棺桶のような台に敷いてある毛布の上に蘭を寝かせると、千江は言った。
「さて、ここはどこでしょう?」
よく見ると、加工食品の空容器が壁に沿って積んであった。他には錆びて欠けたナイフや、穴のあいた鍋、何かの燃えかすなどがあった。要するに生活ゴミばかりだ。
「アジトか何か?」
「三十五点」
カツシはネットで渦巻く都市伝説のことが頭に浮かんだ。
「もしかして、閉鎖されたKYUTOの……」
「正解。SAITO、KYUTO間シャトル路線の遺構よ。一度は常管が出口を埋めてしまったんだけど、この子がコツコツ削ってったってわけ」
千江は簡易ベッドの上で眠る蘭を見た。

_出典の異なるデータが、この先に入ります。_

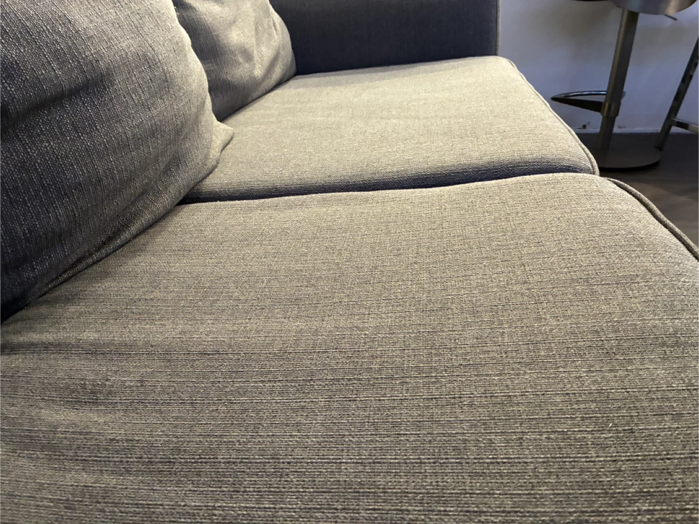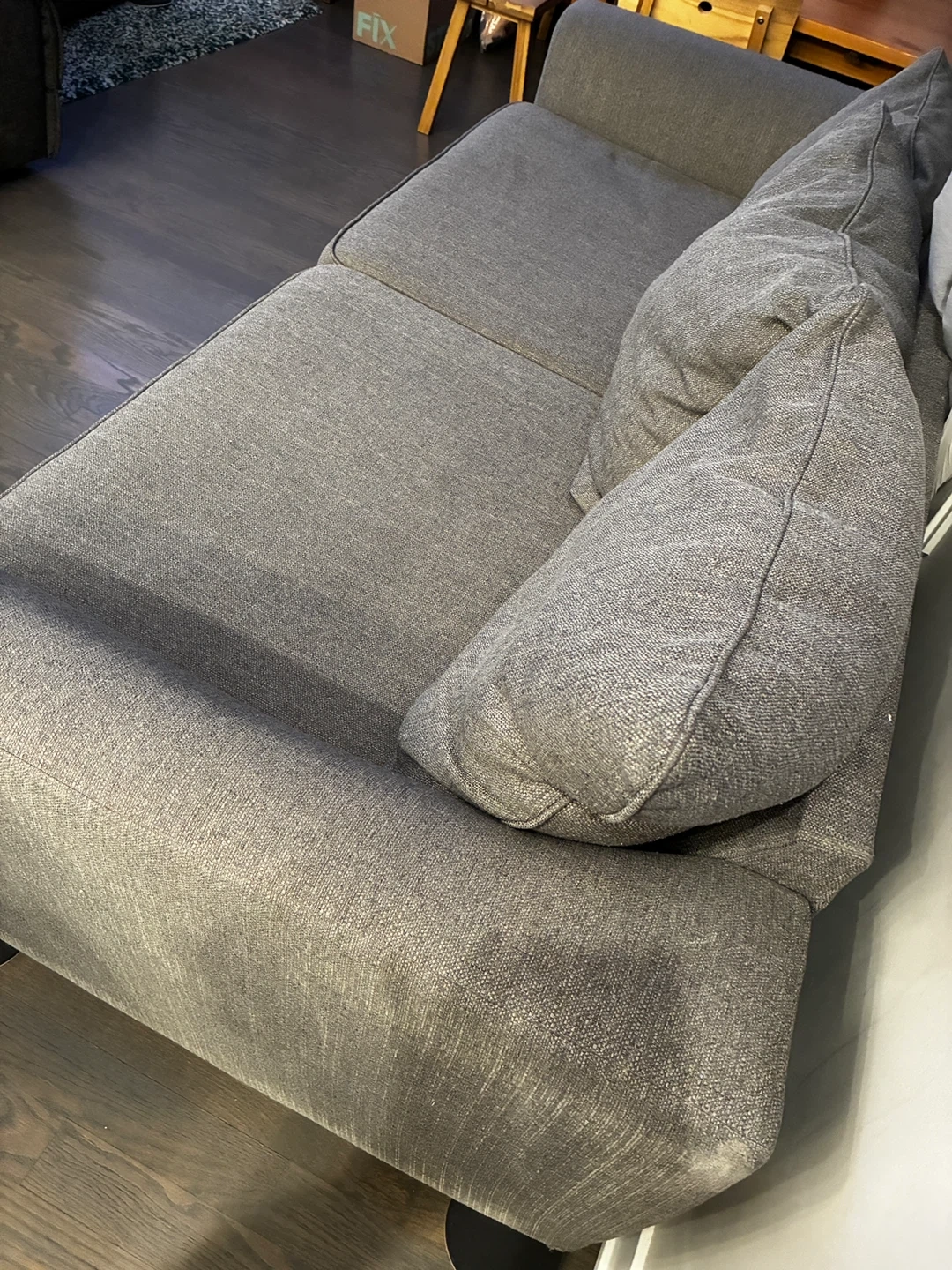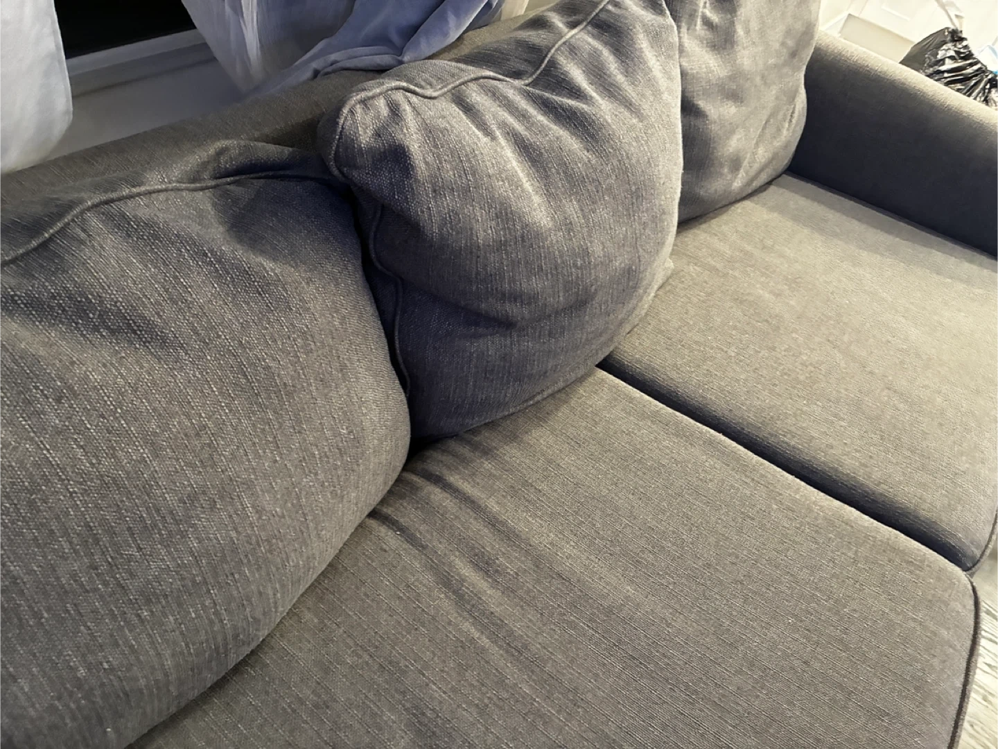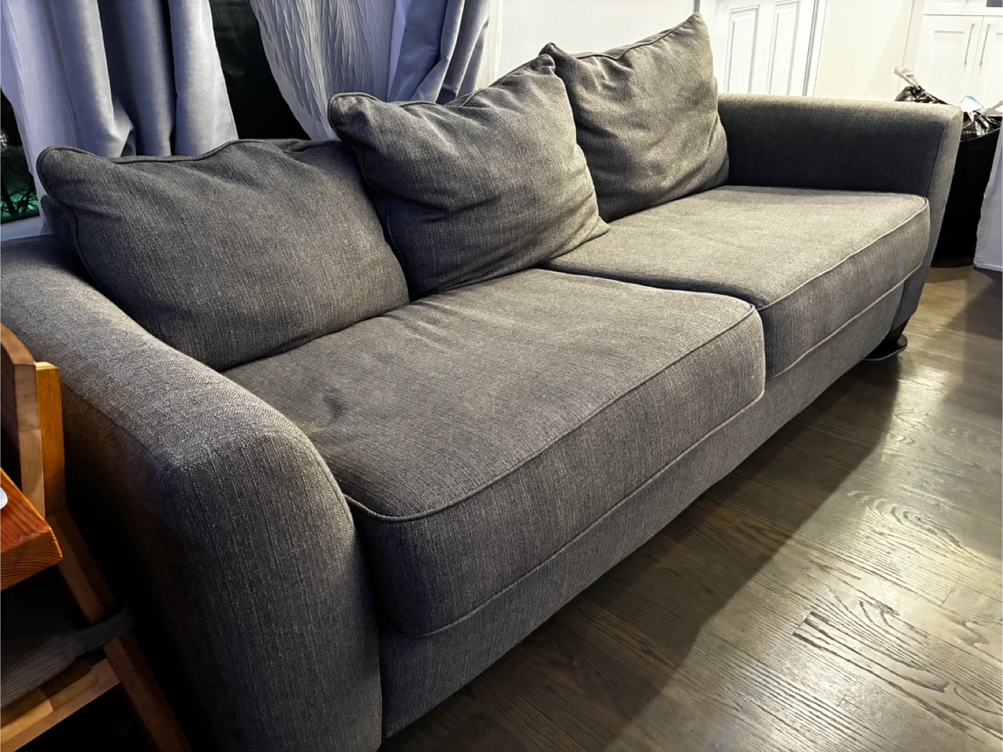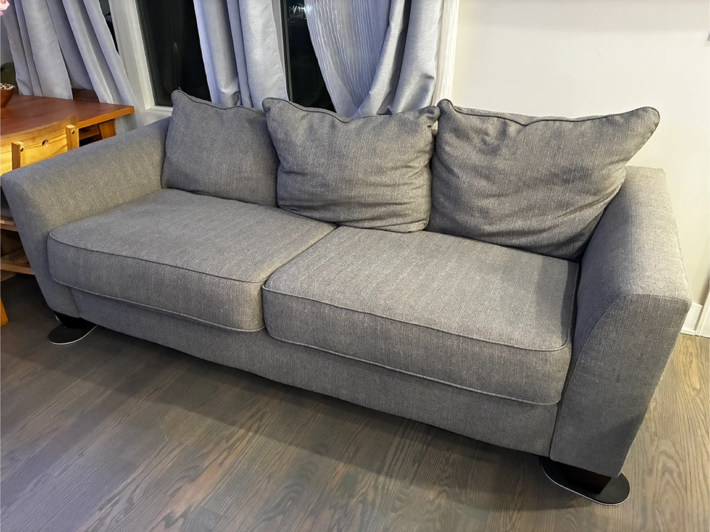 Selling a comfortable gray sofa. It's in good condition and has plush cushions. Selling as is, pickup only. 3rd floor so make sure to get help from someone to bring it down from unit - legs come off for easier carry. No pets so no pet hair on couch.
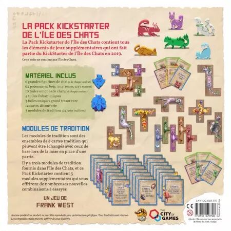 Le Pack Kickstarter est une extension qui contient tous les éléments de jeux supplémentaires qui ont fait partie du Kickstarter de l'Ile des Chats en 2019. Ce Pack contient aussi plusieurs modules de cartes Tradition qui vous offriront de nombeuses nouvelles combinaisons à essayer !
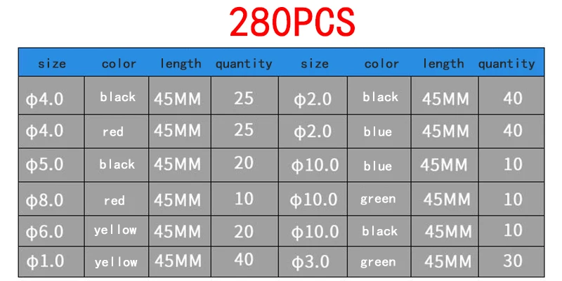 (Количество, диаметр, длина, цвет) 80pcsx1.5x45mm «подсолнухи» 80 шт. x 2,0x45 мм синий 80 шт. x 2,0x45 мм черный 60 шт. x 3,0x45 мм зеленый 50 шт. x 4,0x45 мм красный 50 шт. x 4,0x45 мм черный 30 шт. x 5,0x45 мм черный 20 штук x 6,0x45 мм Цвет: желтый 20 штук x 8,0x45 мм красный 20 штук x 10,0x45 мм зеленый 20 штук x 10,0x45 мм синий 20 штук x 10,0x45 мм черный
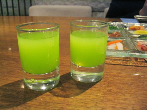 两小杯像果汁的饮料,不错,酸酸甜甜~!
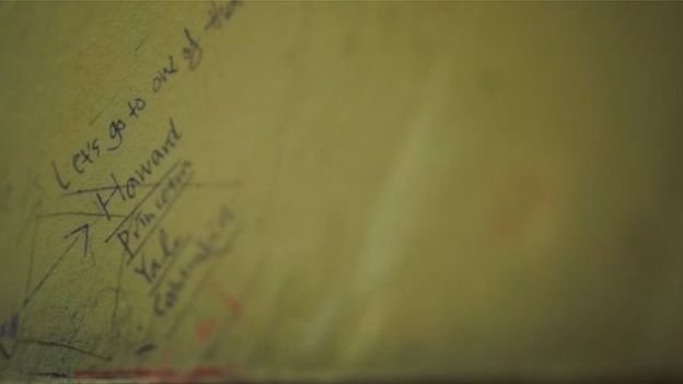 موقع بیرون آمدن از دکساشیل چشمم به دستخط یکی از بچهها روی دیوار میافتد که زیر نور لرزان لامپ مهتابی معیوب آدم را یاد دست خط زندانیها روی دیوار میاندازد. به انگلیسی نوشته: “بیا به یکی از این دانشگاهها برویم: هاروارد، پرینستون، ییل، کلمبیا”.
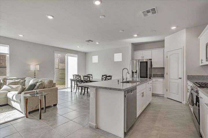 Just 2 years new, this meticulously maintained single story home is ideal for generational living. The primary suite located on one wing of the home and an additional 2 bedrooms and 1 full bath located in the other wing, creates a lot of privacy. Enjoy the open, spacious floor plan- great for family gatherings . Spacious Living area flows to kitchen with oversized island, white cabinetries, gas stove and a large pantry. Tile flooring flows through the main living areas with carpet in every bedroom gives a cozy feel. Separate laundry room with additional storage, finished 2 car garage, and solar. Great location for easy access to groceries, restaurants, coffee, or a quick getaway to Monterey & Carmel. Come see this home, you will be impressed.

顔じゅうに汗がにじみ、何やらうなされている。
泉子が駆け寄って額に手をやる。眉間の険は引いた。
それを見ていた千江は、訝し気に言った。
「あなた、ずっと前に一度会ったことない?」
泉子は首を横にふった。
「そう……」
千江は肩を落とし、話を戻した。
この場所は、KYUTOからやってきた蘭のアジトの抜け殻だった。蘭がSAITOに潜入した後、千江はここを発見したが、再び埋めることはせず、独断で穴だけを巧みに隠した。
テロリストは他にもいる、ここで張っていれば仲間を一網打尽にできるはず、と読んでいた。ところが、待っていても穴から出てくる者はなく、蘭が逃げることもなかったため、千江は今日までこの秘密の場所のことを棚上げにしておくしかなかった。
「一人で生きていけるわけ、ないのよ。KYUTOには、この子を無双の戦士に育てた人物が暮らしてるはず」
カツシは言った。
「でも、あそこはもう、水も空気の供給も、機能してないんだろ?」
「公式にはそう。常管はシステムを二百年前に終了させた。住民の移動も登録も完了している。でもね……実はその後、誰も確かめに行ってないのよ」
「なぜ?」
「なぜって、五〇〇キロ以上離れてるのよ? シャトルもないのに、どうやって行くのよ」
「は? ごひゃ……」
世界の横幅が何十キロしかないことを考えると、想像もつかない数字だった。
「あ、そうか。これ一般市民には内緒だったわ」
千江は笑った。
シャトルは高速というだけで、実際、時速何キロ出ているのか知る者はいなかった。つまり距離も、各層をつなぐエレベーターよりはちょっと遠く、くらいの感覚でしかなかった。